### Data shown:
== Segment start ==

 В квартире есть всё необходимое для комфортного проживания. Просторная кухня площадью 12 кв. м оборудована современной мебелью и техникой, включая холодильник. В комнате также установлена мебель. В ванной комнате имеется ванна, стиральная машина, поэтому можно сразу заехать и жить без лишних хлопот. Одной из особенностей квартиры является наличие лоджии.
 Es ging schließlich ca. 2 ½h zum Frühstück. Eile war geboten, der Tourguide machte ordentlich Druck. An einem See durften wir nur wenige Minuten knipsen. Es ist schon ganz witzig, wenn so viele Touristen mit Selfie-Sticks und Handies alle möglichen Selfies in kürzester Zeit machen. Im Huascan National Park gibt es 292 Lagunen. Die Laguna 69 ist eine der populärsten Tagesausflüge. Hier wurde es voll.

== Segment end ==
== Segment start ==

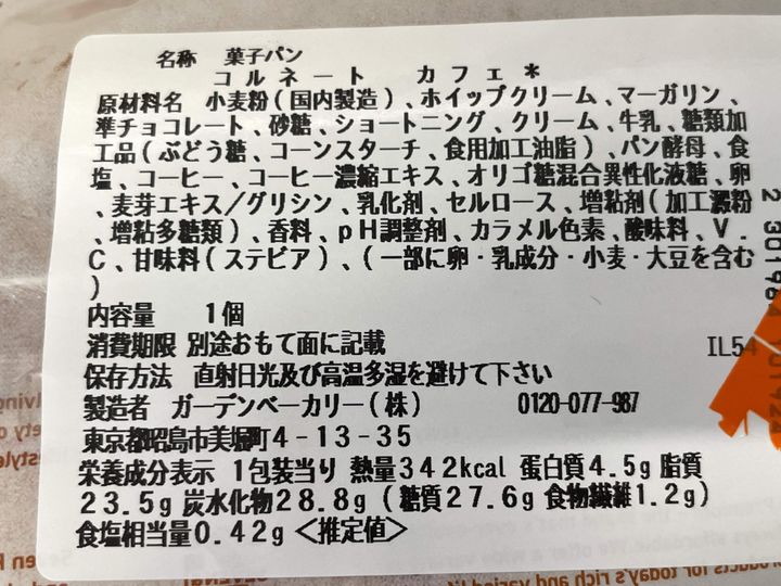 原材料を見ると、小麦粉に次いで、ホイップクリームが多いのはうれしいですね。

== Segment end ==
== Segment start ==

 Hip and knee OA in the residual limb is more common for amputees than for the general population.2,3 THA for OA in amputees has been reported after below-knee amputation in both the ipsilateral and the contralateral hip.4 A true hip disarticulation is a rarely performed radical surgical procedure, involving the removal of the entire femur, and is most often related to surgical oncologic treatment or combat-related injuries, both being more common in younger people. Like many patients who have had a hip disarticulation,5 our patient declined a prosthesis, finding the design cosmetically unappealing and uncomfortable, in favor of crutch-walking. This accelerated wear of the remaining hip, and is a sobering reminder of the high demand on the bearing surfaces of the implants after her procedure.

== Segment end ==

### Directions:
With the first line being the one containing "В квартире есть" and the last line the one containing "Es ging schließlich", transcribe exactly the lines above that fall in that range.

### Output for this exercise:
 В квартире есть всё необходимое для комфортного проживания. Просторная кухня площадью 12 кв. м оборудована современной мебелью и техникой, включая холодильник. В комнате также установлена мебель. В ванной комнате имеется ванна, стиральная машина, поэтому можно сразу заехать и жить без лишних хлопот. Одной из особенностей квартиры является наличие лоджии.
 Es ging schließlich ca. 2 ½h zum Frühstück. Eile war geboten, der Tourguide machte ordentlich Druck. An einem See durften wir nur wenige Minuten knipsen. Es ist schon ganz witzig, wenn so viele Touristen mit Selfie-Sticks und Handies alle möglichen Selfies in kürzester Zeit machen. Im Huascan National Park gibt es 292 Lagunen. Die Laguna 69 ist eine der populärsten Tagesausflüge. Hier wurde es voll.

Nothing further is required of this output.